Firstly, the limited number of available studies restricted our ability to thoroughly investigate publication bias. Secondly, our analysis displayed high heterogeneity, which prompted us to conduct subgroup and sensitivity analyses. Although heterogeneity was not resolved, we deemed it appropriate to proceed with the meta-analysis considering the comparable designs of the included studies. Thirdly, the observational study designs employed in the included studies do not establish causal relationships but rather indicate associations. However, given the nature of our study, this design was the most practical and suitable approach. Fourth, the quality of evidence evaluated using the GRADE approach was determined to be very low for all outcomes. As the first meta-analysis on this topic, this underscores the importance of additional high-quality studies to strengthen the overall evidence base. Lastly, due to limited available data, we were unable to assess the dose–response relationship or the duration of PDE5I use.
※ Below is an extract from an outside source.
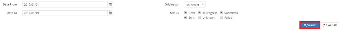 4. If applicable, in the Status section, select or deselect any of the following selection boxes: Draft, In Progress, Submitted, Sent, Unknown, and/or Failed.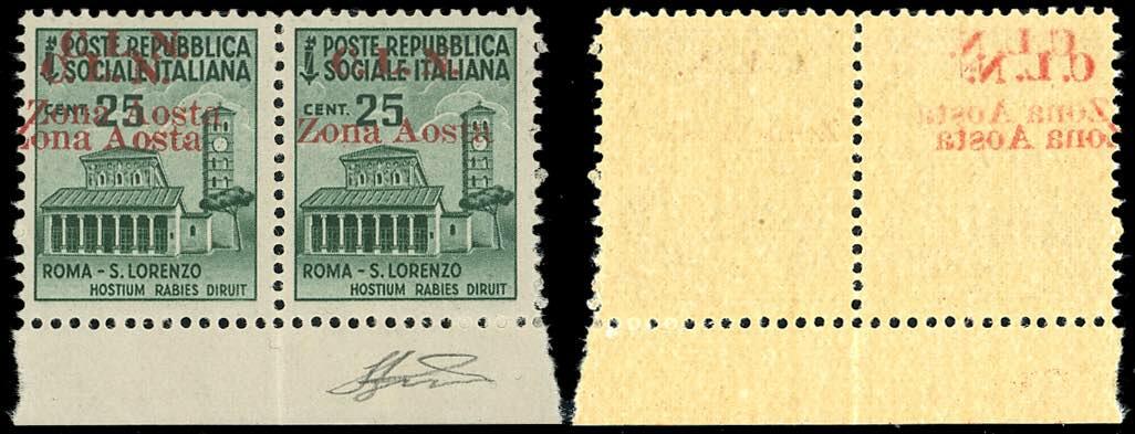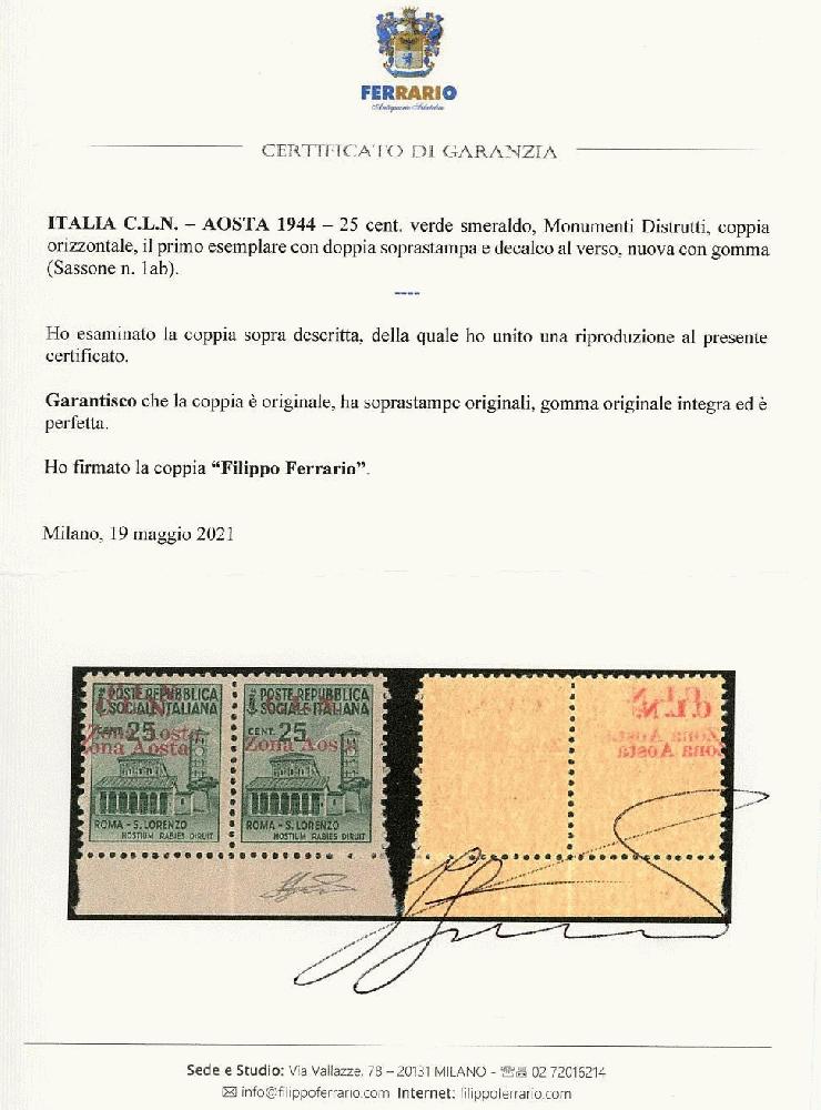 | Zusatzinformationen und Suchstichworte: | 26. Ferrario Auktion 1. Oktober 2022 Los 1500 Italien Lokalausgaben C.L.N. Aosta AOSTA 1944 - 25 cent., coppia orizzontale, il primo esemplare con doppia soprastampa (1ab), decalco al verso, gomma integra, perfetta. Cert. Ferrario. Cat. € 4500 Ausruf 250,00 EUR |

Overall, while our study has notable limitations, it provides valuable insights into the current understanding of the association between PDE5I use and AD. As the world population continues to grow, the need for strategies to prevent AD development will increase [3]. PDE5Is are relatively safe, inexpensive, and widely accessible drugs [7] that can potentially play a role in these future prevention strategies.

Further research with larger sample sizes is necessary to enhance the robustness of the evidence in this field. Rigorous study designs and comprehensive assessment of dose–response relationships and treatment duration are also needed. It is important to investigate the relationship between PDE5I use and other types of dementia. Additionally, exploring the role of age, sex, and other covariates should be considered to determine the effectiveness of PDE5Is in reducing the risk of AD. By addressing these research gaps, we can advance our understanding of the potential benefits of PDE5Is in preventing AD and develop more targeted and effective approaches to combat this devastating neurodegenerative disease.